# Exercise directions:
Make an exact copy of the lines from the one containing "Discover the versatility" through the end of the material, including both ends but no pictures.

# Information supplied:
┌────────
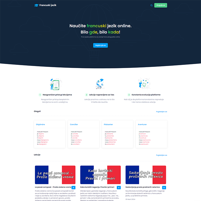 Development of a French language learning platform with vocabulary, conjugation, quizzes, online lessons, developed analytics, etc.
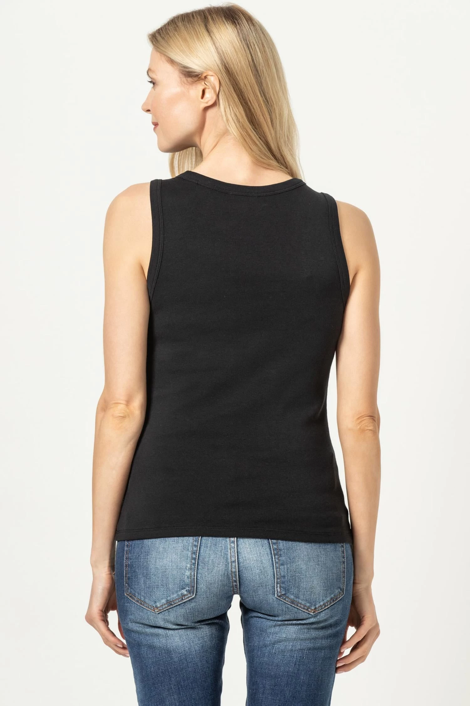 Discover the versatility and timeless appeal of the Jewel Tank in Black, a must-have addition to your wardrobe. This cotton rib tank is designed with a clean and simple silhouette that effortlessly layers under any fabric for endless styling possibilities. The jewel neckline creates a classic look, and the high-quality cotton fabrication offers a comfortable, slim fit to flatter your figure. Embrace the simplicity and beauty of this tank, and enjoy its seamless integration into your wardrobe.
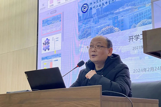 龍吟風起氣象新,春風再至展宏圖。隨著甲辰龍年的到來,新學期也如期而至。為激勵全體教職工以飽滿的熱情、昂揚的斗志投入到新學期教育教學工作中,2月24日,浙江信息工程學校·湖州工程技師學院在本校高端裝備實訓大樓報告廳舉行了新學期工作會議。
└────────
# Solution to this task:
 Discover the versatility and timeless appeal of the Jewel Tank in Black, a must-have addition to your wardrobe. This cotton rib tank is designed with a clean and simple silhouette that effortlessly layers under any fabric for endless styling possibilities. The jewel neckline creates a classic look, and the high-quality cotton fabrication offers a comfortable, slim fit to flatter your figure. Embrace the simplicity and beauty of this tank, and enjoy its seamless integration into your wardrobe.
 龍吟風起氣象新,春風再至展宏圖。隨著甲辰龍年的到來,新學期也如期而至。為激勵全體教職工以飽滿的熱情、昂揚的斗志投入到新學期教育教學工作中,2月24日,浙江信息工程學校·湖州工程技師學院在本校高端裝備實訓大樓報告廳舉行了新學期工作會議。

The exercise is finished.